Cathie Wood is known for her success over the long term. That's why so many of us love to follow her lead. Her biggest fund, Ark Innovation ETF, has steadily outperformed the S&P 500 for the past five years, for example. The founder of Ark Invest is particularly on the lookout for innovation and staying power.
In Wood's most recent shopping spree, she bought up shares of two pandemic winners. But here's the best part: These companies are likely to continue to win post pandemic too. So should you follow this star investor into these investments? Let's look at these two companies that Wood loves -- and see whether they make good candidates to add to your portfolio right now.
Pfizer (PFE 0.74%) has been a big pharmaceutical player for years. But only last year did it reach superstardom. The company and partner BioNTech became the first to win emergency authorization for a coronavirus vaccine. Even better, just this month, the duo scored the first full approval of their vaccine. Some predict the vaccine will be the best-selling pharmaceutical product ever. Pfizer estimates the vaccine will generate more than $33 billion in sales this year alone. Even after sharing vaccine profit with BioNTech, the product still represents a huge contributor to the Pizer story. The company expects vaccine sales to make up 42% of this year's revenue.
And another potential product may truly crown Pfizer as the world's leading coronavirus player. The company is working on a treatment candidate. Pfizer's coronavirus pill would be given for a few days after the first signs of illness. Pfizer has reported positive preclinical data and encouraging safety data from early clinical trials. The company started a phase 2/3 trial in July and expects to report data in the fourth quarter.

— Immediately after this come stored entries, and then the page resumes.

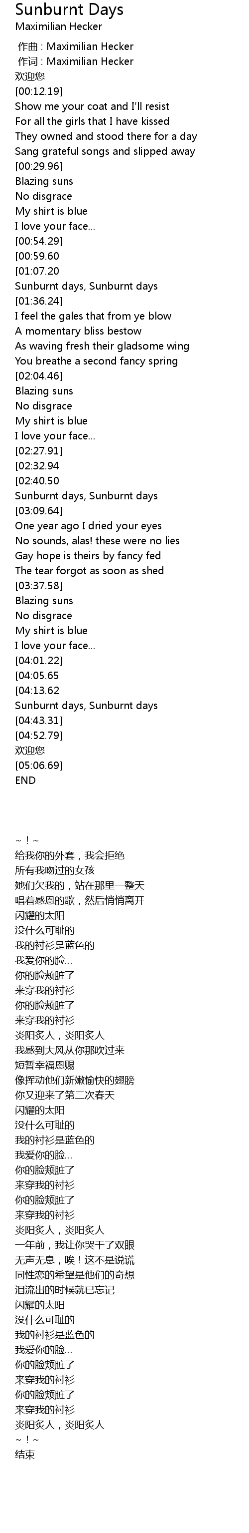| [04:34.74] | Sunburnt days, Sunburnt days |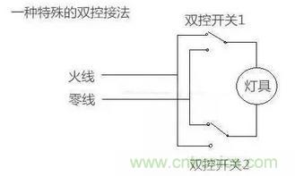 雙控開(kāi)關(guān)有很多種接線(xiàn)方式,如果電工采用了下面這種接線(xiàn)方法,就會(huì)關(guān)燈后發(fā)微光。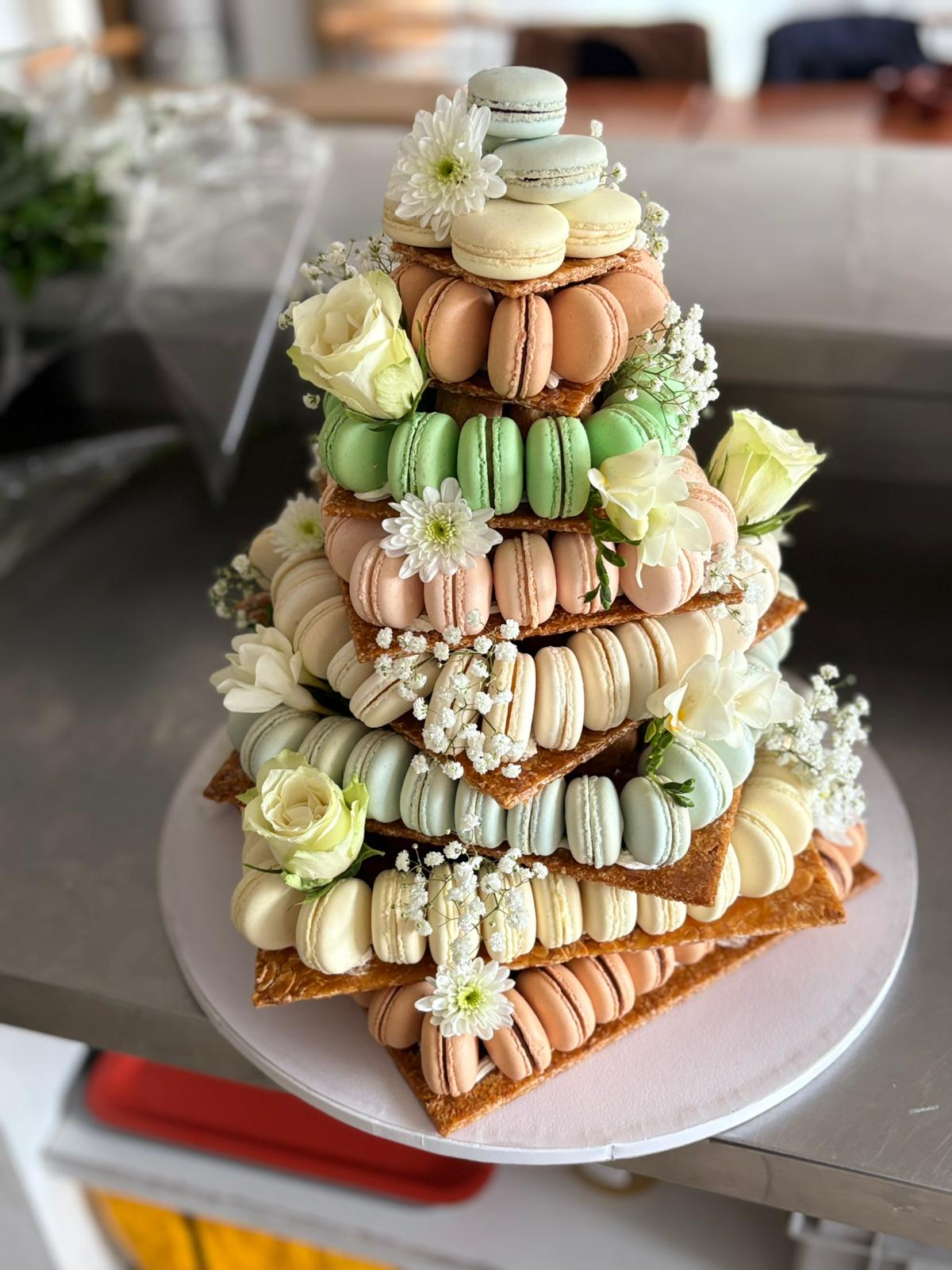 Notre gamme : entremets, brownies, banana bread, gâteaux d'anniversaire, wedding cakes, macarons, financiers...

Experts predict coronavirus vaccination may be annual. So it's likely Pfizer will generate billions of dollars in revenue from the vaccine into the future -- even after the pandemic is over. If Pfizer's treatment candidate is successful, it could become another blockbuster product. Beyond the coronavirus market, the company sells other billion-dollar products such as oncology drug Ibrance and anticoagulant Eliquis.
Pfizer shares have lagged behind biotech vaccine players like BioNTech or rival Moderna.
I don't expect Pfizer to replicate their performance. Pharmaceutical companies usually don't soar on good news or drop drastically on bad news. Their performance tends to be steadier than that of biotech players. But I do expect Pfizer's growing sales and strong profit to make it a stock that will increase over the long term.
Teladoc Health (TDOC -3.40%) offered exactly what the world needed during a pandemic: virtual medical visits. This way, patients could consult with doctors from their armchairs -- and avoid exposure to the coronavirus in a waiting room. And it also offered patients an option if their local doctor's office closed temporarily or reduced hours.
As a result, Teladoc's business surged. The company reported a 98% increase in revenue last year to more than $1 billion and a 156% increase in patient visits.
Now, hearing all of this, you might have one big worry: What will happen after the pandemic is over? We already have a major clue. And it signals good things ahead for Teladoc.
The pandemic continues -- but medical offices have reopened, and people have returned to their routines. And at the same time, Teladoc reported a triple-digit revenue increase in the quarter ended June 30. This is key because the year-earlier comparison period was during the worst of the pandemic. So it shows that even as it becomes easy to return to in-person medical visits, many patients still are opting for Teladoc. The company also lifted full-year revenue guidance.
Analysts predict that growth in telemedicine is here to stay. The global telemedicine market is expected to climb from $79 billion last year to more than $396 billion in 2027, according to Fortune Business Insights.
Teladoc made acquisitions last year to ensure a successful future. The company bought InTouch Health to work more closely with a broad range of hospitals and health systems. And Teladoc's purchase of Livongo added strengths in the management of chronic diseases. More than 20% of Teladoc's chronic care patients today are enrolled in multiple programs. That's up from 6% a year ago.
What about the stock price? Teladoc shares have dropped 27% this year. This is amid concern growth will stagnate post-pandemic. But, as I've mentioned, Teladoc has shown us evidence that isn't likely to happen.
So, should we follow Cathie Wood?
My answer is: yes. Pfizer's and Teladoc's revenue clearly will benefit during the pandemic. But revenue at both companies is on track to continue growing well beyond the crisis. That means long-term investors should see share price weakness today as a great opportunity. An opportunity to get in on companies that have proven themselves during the worst of times -- and are set to show their strengths in better times, too.